Redundancy in the form of software or hardware does not guarantee protection from a malicious attack. If a system has two hard drives that are mirrored for high availability, then malicious activity that is recorded to the primary hard drive will be immediately mirrored to the secondary drive. The positive outcome of high availability is that data acquisition and system recovery can take place faster and more accurately. Performing bit-by-bit data imaging can be a lengthy process, especially when ten people are standing over your shoulder waiting for you to finish so that they can begin the steps to bring the compromised system back online. In the case of a data mirroring (referred to as a RAID 1 configuration), an incident response technician only needs to remove the secondary hard drive to ensure that non-volatile evidence has been accurately preserved.

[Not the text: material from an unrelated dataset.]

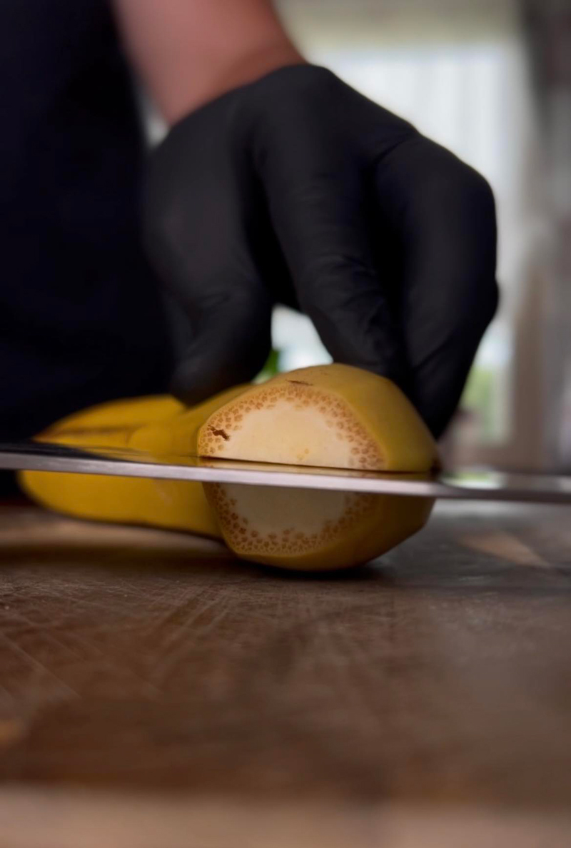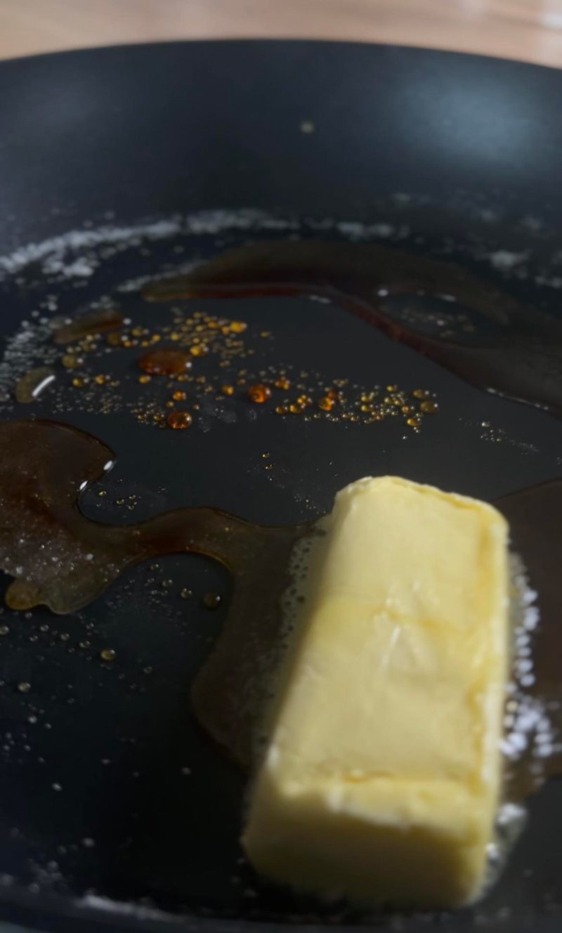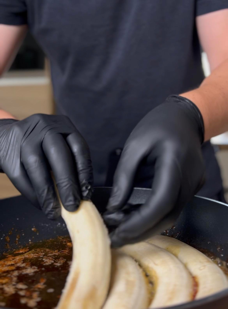 Tăiem bananele, pe lungime, în două și indepărtăm cojile. Într-o tigaie, cu diametrul de 28 de cm, adăugăm puțin zahăr, apoi lăsăm zahărul să se caramelizeze ușor, adăugăm untul, apoi bananele și reducem temperatura aragazului la minim.

Given the high stress, and high profile nature of these incidents, no one wants their first exposure to these types of scenarios to be during a live response and investigation. Therefore it is critical that proper training simulations be orchestrated with the incident response team throughout the course of the year. These sessions are crucial in setting proper expectation with business units as to what is to be anticipated during an incident, what are acceptable response times, and how long will it take to perform data acquisitions. Proper training and exposure will ensure that if and when a live incident occurs, all involved employees know exactly what to do, and more importantly, what not to do.
Numerous factors will feed into the decision process of whether or not a compromised host needs to be removed from a production environment, and how long before the device can be returned. A company can help to ensure that any time required to preserve and collect evidence/information is done with the best interests of the organization in mind by following the three Ps: preparation, procedures, and practice.
Stephen Scharf, CISSP, is a managing security architect with security consulting firm @stake (www.atstake.com).